BY JOHN BRUSH
Seasons are fluid in the Rio Grande Valley. Summer percolates through heavy September rains into an inconsistently warm and cool fall. Winter condensates behind the wingtips of migrating Snow Geese. Spring bubbles forth with the aromatic scent of huisache flowers, blossoms abounding with nectar and pollen. Despite our mild climate, spring is a welcome sight — color and liveliness bursting back into prominence. Here at Quinta Mazatlan, we welcomed the heart of spring with our 12th Anniversary Moon over Mazatlan celebration, inviting our guests on an interpretive stroll through our trails to see the signs of spring.
Recently, the most obvious sign of spring comes in the yellows, oranges, and reds of prickly-pear flowers greeting the sun. These, along with new pads, are but the first wave of an important food source for wildlife … and humans in historical times. Later, in the summer and fall, the fertilized flowers (courtesy of pollinating native bees) will turn into magenta fruits, or “tunas.” At all stages, the prickly pear provides sustenance and homes to many animals. Birds, such green jays and golden-fronted woodpeckers, eat the juicy fruits. Meanwhile, cactus wrens and curve-billed Thrashers use the protective spines as defenses for their nests, while a shy cottontail rabbit rapidly chews through succulent pads.
Related to the emergence of prickly-pear flowers comes that of a slow moving reptile — the Texas tortoise. These Texas threatened creatures will happily munch on cacti and other plants, preparing for their summer breeding season. Other reptiles and amphibians also become more active in the spring. You may catch a glimpse of shiny bluish-black as a Texas indigo snake slithers through the brush, or hear the splashes of Rio Grande leopard frogs leaping into a pond as you walk by.
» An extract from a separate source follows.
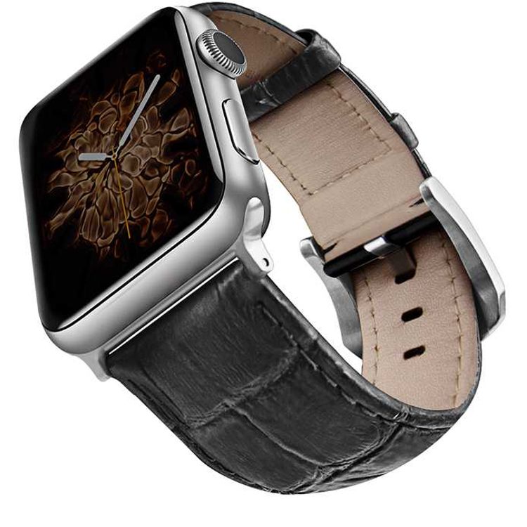Viva Madrid Montre Crox Genuine Leather Strap Compatible for Apple Watch 42/44MM - Fit & Comfortable Replacement Wrist Band - Sweat Resistant & Lasting Durability - Black/Silver

Another sign of spring requires a skyward gaze; the silhouettes of hawks boiling upwards on thermals. These groups of circling, ascending hawks are called kettles, a migration phenomenon not to miss for either hawks or humans — the hawks using the rising warm air for energy efficient flight, the humans marvel at the sight. With lush trees in your neighborhood and a little luck, you may have hundreds of broad-winged hawks, Mississippi kites or turkey vultures gracing the evening sky as they come to roost.
A much celebrated and beloved sign of spring arrives to South Texas on its scaly wings in March, also on a northward journey. The oranges, blacks, and whites of an adult monarch butterfly are a familiar sight to many, shared between countries separated by more than borders, but entire oceans. Canada, Mexico and the United States, however, are the only ones to share in the unique experience of migratory monarchs, witnessing the spring butterflies advancing north one generation at a time. Milkweeds and nectar plants are vital for caterpillar and imago monarchs during this period — fare easy to provide at homes, schoolyards and businesses.
Fortunately, all the above are readily provided by nature, only requiring the thornforests, mesquite scrub, coastal prairies, wetlands, and other habitats found naturally in the Valley. The invitation to see them is open — just step out into the Valley’s spring.
John Brush is a urban ecologist at Quinta Mazatlan.